И направил стопы свои прямо к дому тому…

* * *

В сером кирпичном доме, в маленькой комнате за казенным столом, на казенном стуле сидел прапорщик полиции Семен Тюлькин. Сидел он, закрыв глаза и обхватив руками голову. Оторвать ладони от головы Тюлькин не рисковал, ибо там, в голове, у него находился мозг. А мозг этот злодейски терзали уже битый час.

Терзала Семенов мозг старуха, сидевшая напротив него на таком же казенном стуле.

– Кажную ночь, – повторила старуха, – Кажную ночь привозит на машине своей баб, паскудник. В соседней квартере за стенкой прыгают, житья не дают. А ежли заснешь, опять машину свою заводит, взад уезжает с девками Житья нет от энтого гада. Я ж те говорила, бумагу писала. И где тая бумага? Ты ж обещал.

– Обещал, обещал, – кивал головой Семен, не отрывая ладоней от висков. – Жалоба ваша имеется. Меры принимаем…

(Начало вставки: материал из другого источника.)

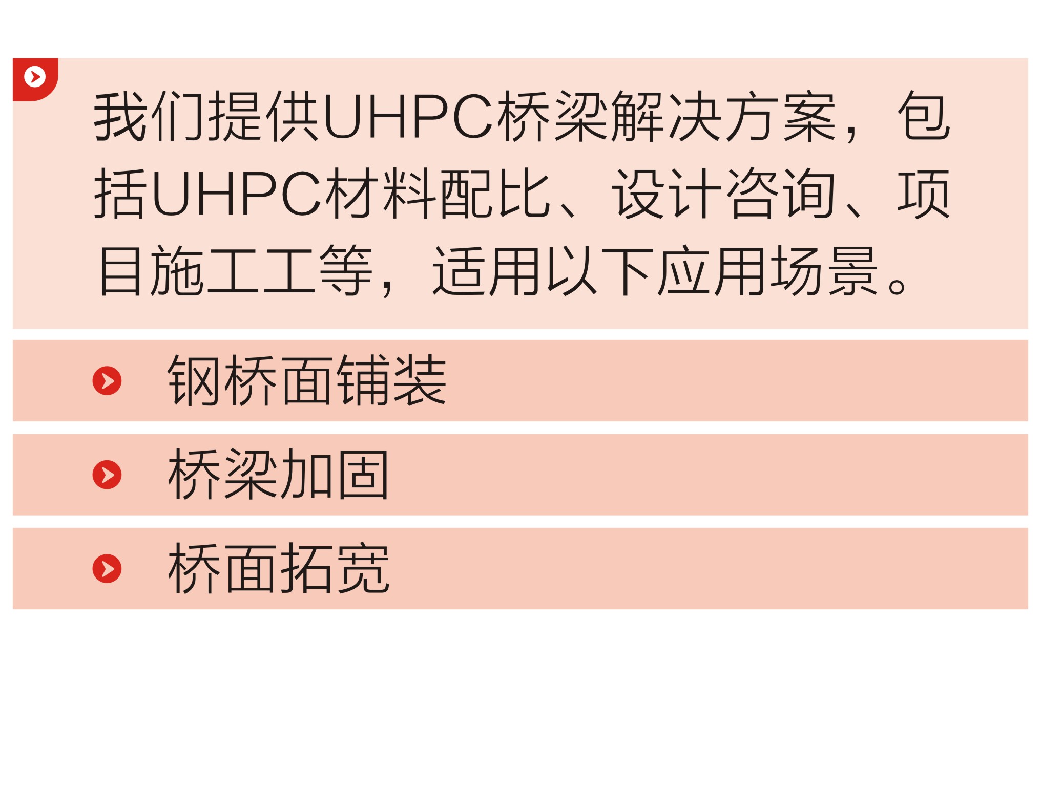 Ductal®超可隆应用于桥梁工程已有二十多年经验,我们分析每座桥梁的独特需求,可根据复杂的工程场景提供针对性的钢桥面铺装、桥梁加固、桥面拓宽解决方案。我们提供材料配比、设计咨询、施工管理全套解决方案。

Он приоткрыл глаза и взглянул на старуху. «Знала бы ты, дура, какой номер у той машины, знала бы кто на ней шалав-любовниц к себе на тайную хату возит. Это надо совсем идиотом быть, чтоб к такому соваться. Завтра же вылетишь со службы, как пробка из бутылки… Дура ты старая. А мне тут сидеть с тобой, дурой, слушать бредни твои, делать вид, что жалобу твою дурацкую оформляю».

И тоска накрыла Семена Тюлькина. Беспросветная тоска накрыла душу его.

«Эх, был бы в той квартире притон, – мечтал прапорщик, обхватив руками бедную свою голову, – тогда и горя не знать бы». Тогда бы он сам, Тюлькин, пас тот притон, и сутенер ихний ему бы каждый месяц отстегивал. А сейчас разве жизнь у него? Не жизнь, а каторга. Сиди, принимай старух таких вот – без ума, без понятия. Таскайся по вызовам, мелкоту всякую отлавливай, вынюхивай, кто где наркотой по чердакам ширяется. Одна остается ему отрада – посидеть без формы в выходной день где-нибудь с корешами, да раздавить бутылек под закусочку.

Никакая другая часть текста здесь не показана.